▶ Data
BEGIN

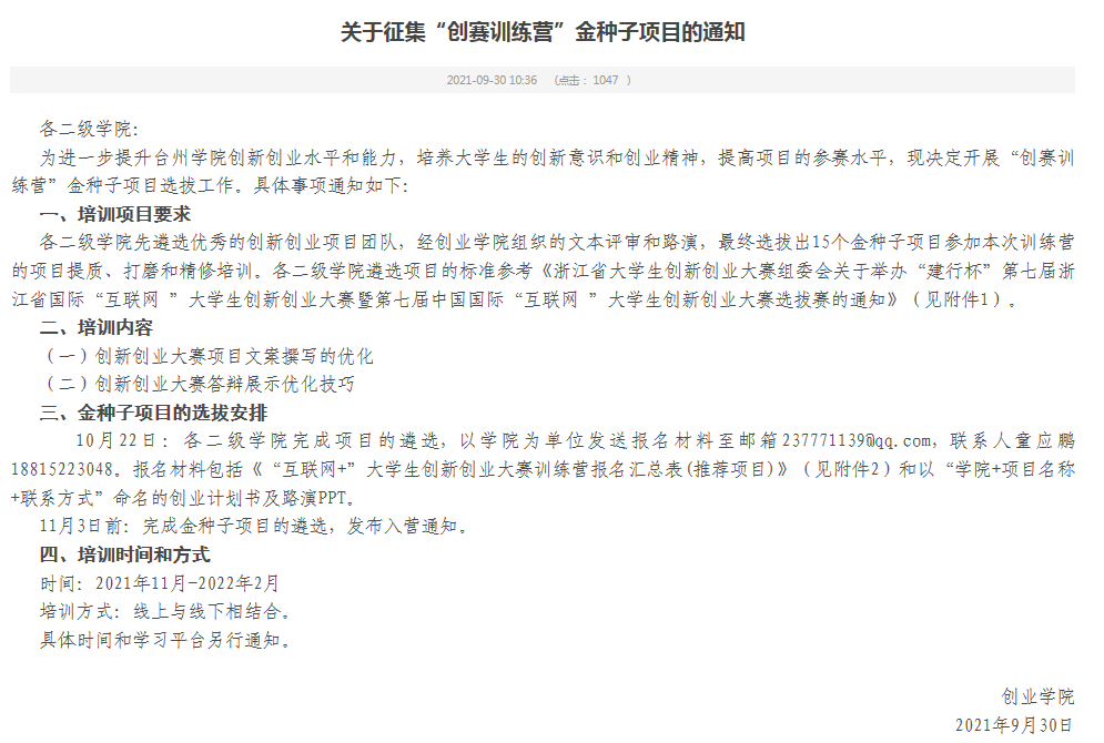 构建并完善双创课程体系。编制《台州学院双创教育十四五发展规划》,引进国家级精品慕课《大学生创业基础》以及创课之星双创课程库,开设《创赛训练营》等赛创融合课程,推动“课-赛-创”深度融合。
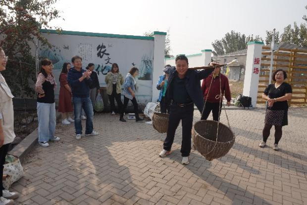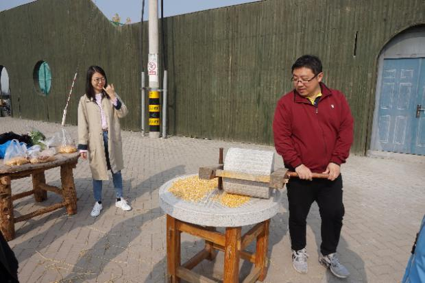 随后老师们还体验了“挑山工”、“磨玉米”等农活游戏。大多数老师平日里鲜有机会接触农活,没有挑扁担、转石磨的经历。大家参与热情高涨,认真学习如何才能将玉米磨得更细腻更均匀,体会劳动收获的乐趣。
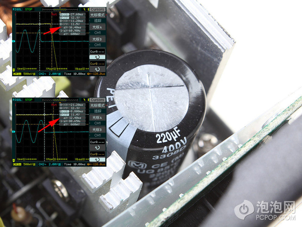 在400瓦负载下,也就是80%%满载下,保持时间将将过16ms,可以算合格。主电容来自松下,220uF,400V耐压,很不错的牌子。16/20
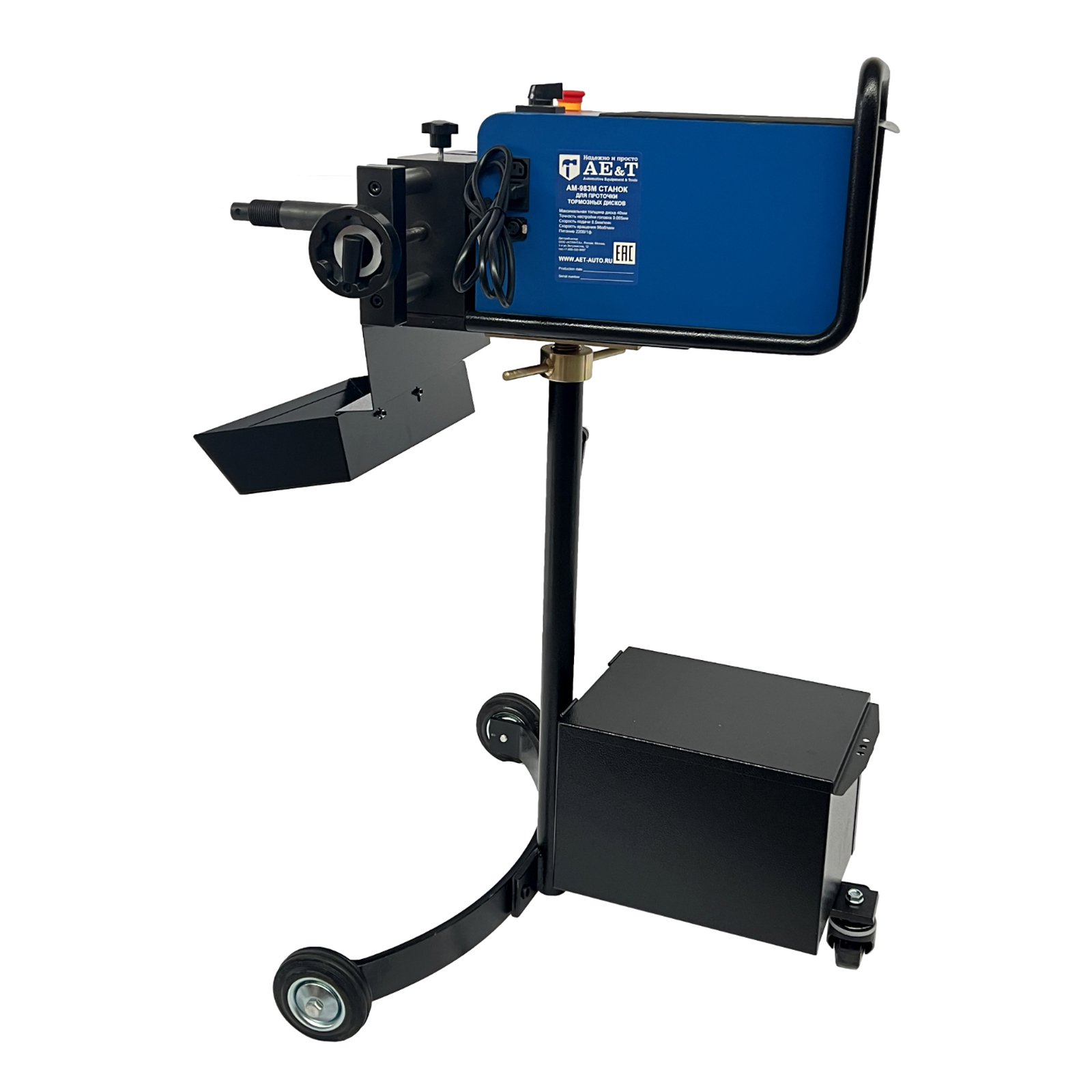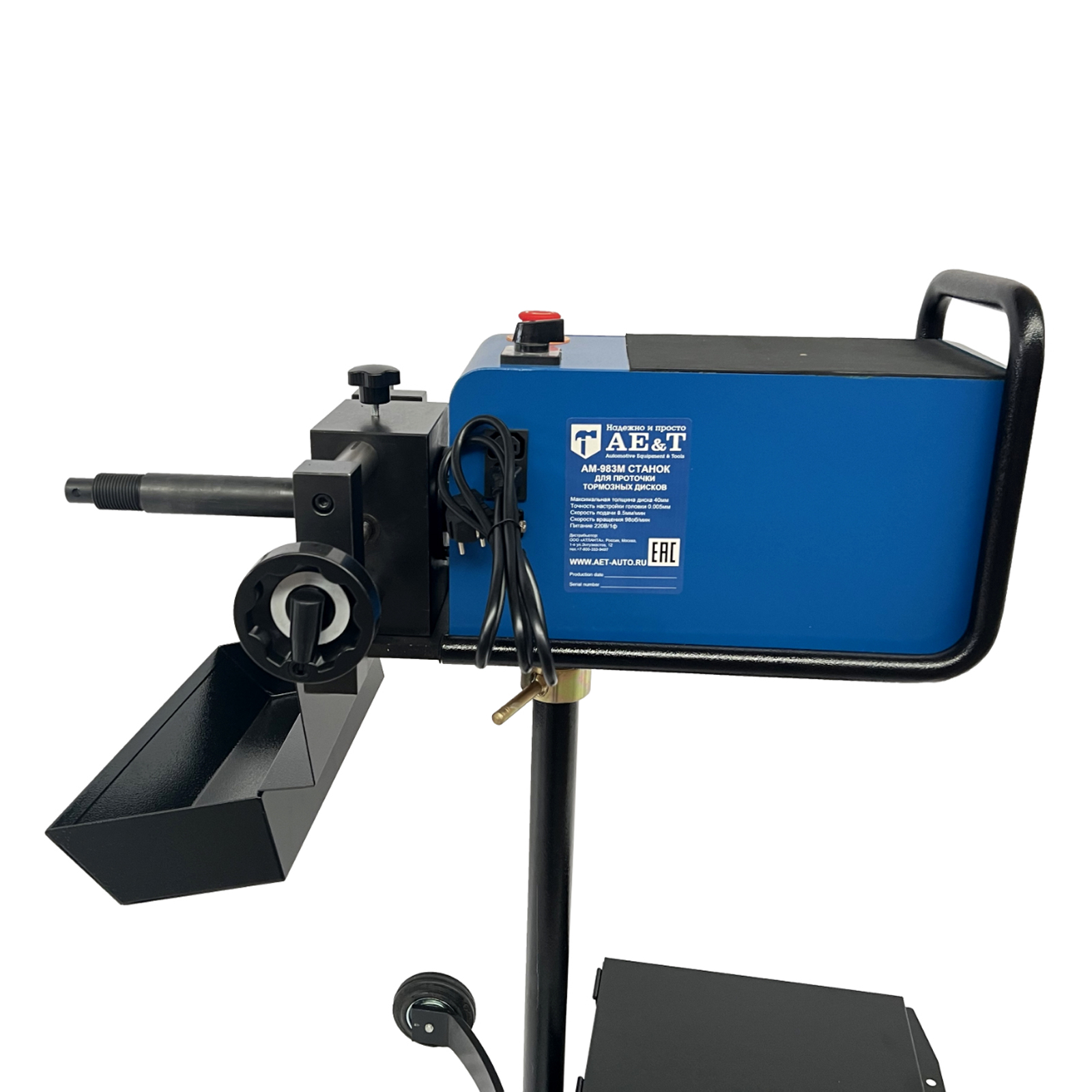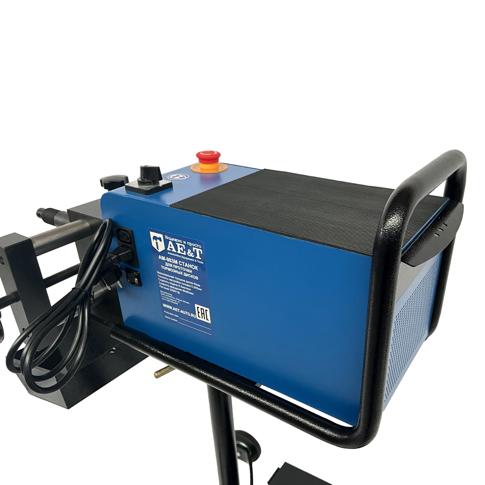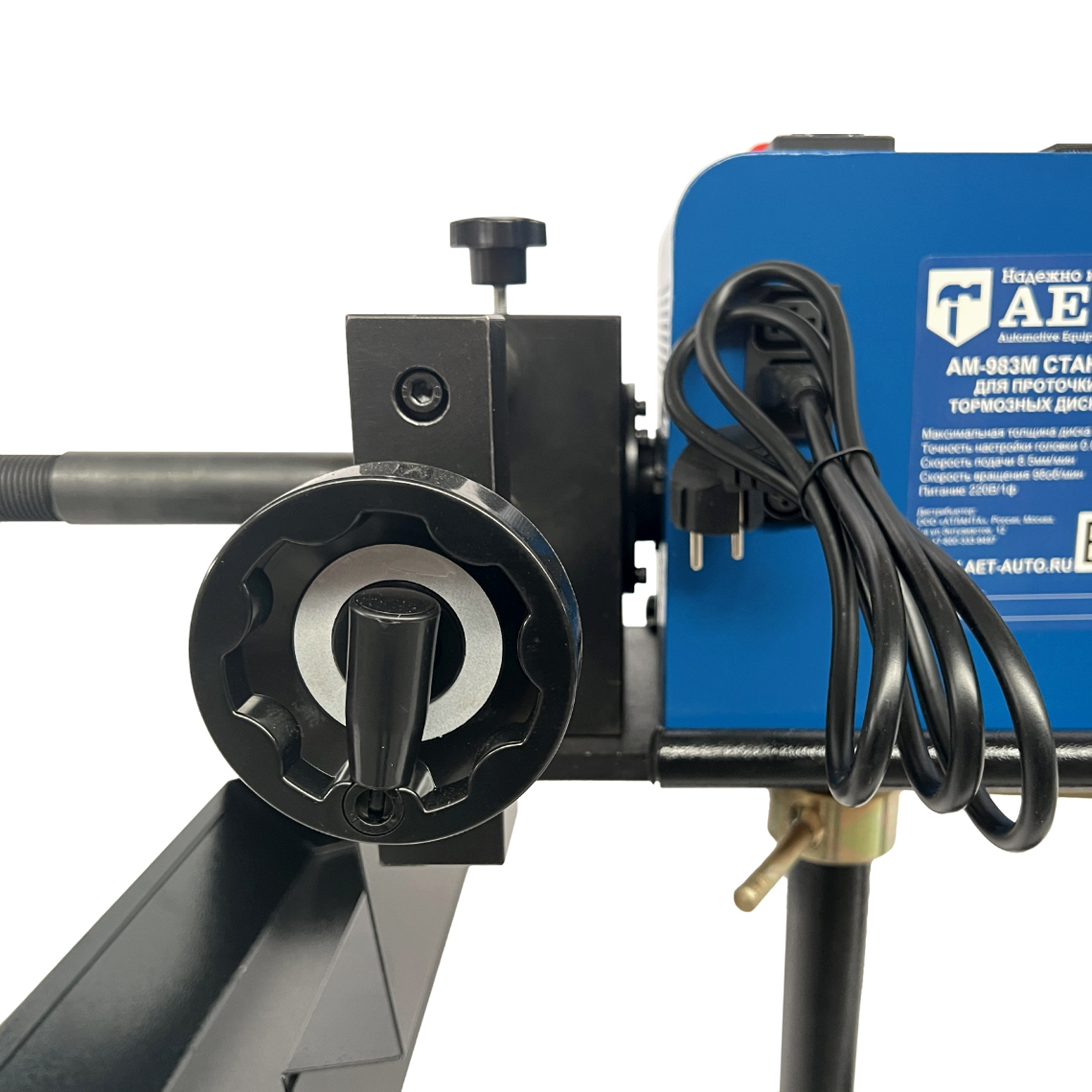 Станок AM-983M удобен тем, что позволяет протачивать тормозные диски, не снимая их с автомобиля, что существенно экономит время, но в тоже время дает возможность проточить диски до их установки на автомобиль, что позволяет высвободить подъемник.

END

▶ Work item
Give back the material above exactly as it appears, minus any picture.

▶ Expected output
 构建并完善双创课程体系。编制《台州学院双创教育十四五发展规划》,引进国家级精品慕课《大学生创业基础》以及创课之星双创课程库,开设《创赛训练营》等赛创融合课程,推动“课-赛-创”深度融合。
 随后老师们还体验了“挑山工”、“磨玉米”等农活游戏。大多数老师平日里鲜有机会接触农活,没有挑扁担、转石磨的经历。大家参与热情高涨,认真学习如何才能将玉米磨得更细腻更均匀,体会劳动收获的乐趣。
 在400瓦负载下,也就是80%%满载下,保持时间将将过16ms,可以算合格。主电容来自松下,220uF,400V耐压,很不错的牌子。16/20
 Станок AM-983M удобен тем, что позволяет протачивать тормозные диски, не снимая их с автомобиля, что существенно экономит время, но в тоже время дает возможность проточить диски до их установки на автомобиль, что позволяет высвободить подъемник.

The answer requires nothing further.